22.1.09

"The Journey"

She stuffs necessary and unnecessary things into a brown leather backpack in the dark, while her father lies unconscious in the basement with his mistress, a woman he smoked at the strip-joint downtown and crushed out later in his bedsheets. Issa cries to herself as quietly as possible, grabbing another pair of panties, a book, and the chef's knife from the kitchen. This last memento she holds in her hand a moment, looking at the faint moonglow reflection, before replacing the plastic blade-guard and hiding the implement in her pack. As a final insult Issa stands on a kitchen chair to reach the old cigar box her father stows atop the cupboards, above the fridge. His primary stash of weed; she carefully empties the contents into the toilet tank; quietly puts the porcelain cover back on; places her acerbic note into the cigar box; returns the box to its hiding place. Issa never cracks a smile, but the tears have stopped. The decrepit porch creaks treacherously as she sneaks out the front door, but it's too late now. Here comes auburn Angela around the corner, her familiar green Passat purring, and she slows down while Issa jumps in, and then—they are away.


* * *
"I told my mother we're going to a midnight showing of Pulp Fiction," Angela explains, replying to an unasked question. "Where am I really taking you?"

"You know that you are the best friend I have ever had, right?" Issa says as she swipes at her reddened eyes. "You know that, right?"

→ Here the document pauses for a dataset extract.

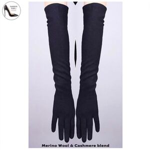 Long Cashmere Merino Wool Gloves Classical Black Opera Driving Winter Warm Glove

"Aw, you know I love you, baby," the red-haired girl answers, giving her passenger a playful, mock-groping squeeze on the knee. "I've loved you since we were six. I would drive you to Arizona tonight if you asked me. Seriously, Issa. Anywhere. Now where are we going, should I turn left or—?"

"Right," Issa directs, a brief sound of laughter clearing out the remainder of her sadness. "Get on the bypass, head toward Waverton."

"Waver—oh my God, Issa, you're eloping with Jack, aren't you?"

Issa sinks down lower into the passenger seat, pulling her denim coat tightly closed. The spring night air is still chilly with the ghost of winter. She lowers her chin, and a mass of dark brown ringlets hides most of her pale face. She nods, then: "Yes," she says.

"I am completely jealous. Do you guys know where you're going yet?" Angela asks, reaching a hand out to turn up the thermostat. "You'd have to leave town pretty much forever—your dad will murder you if he sees you."

"I know," Issa replies flatly, nudging the overstuffed backpack at her feet with one sneaker-clad foot. "Especially when he goes to check his stash."

"Issa, you didn't..."

"Totally. He's lucky I didn't neuter him before I left."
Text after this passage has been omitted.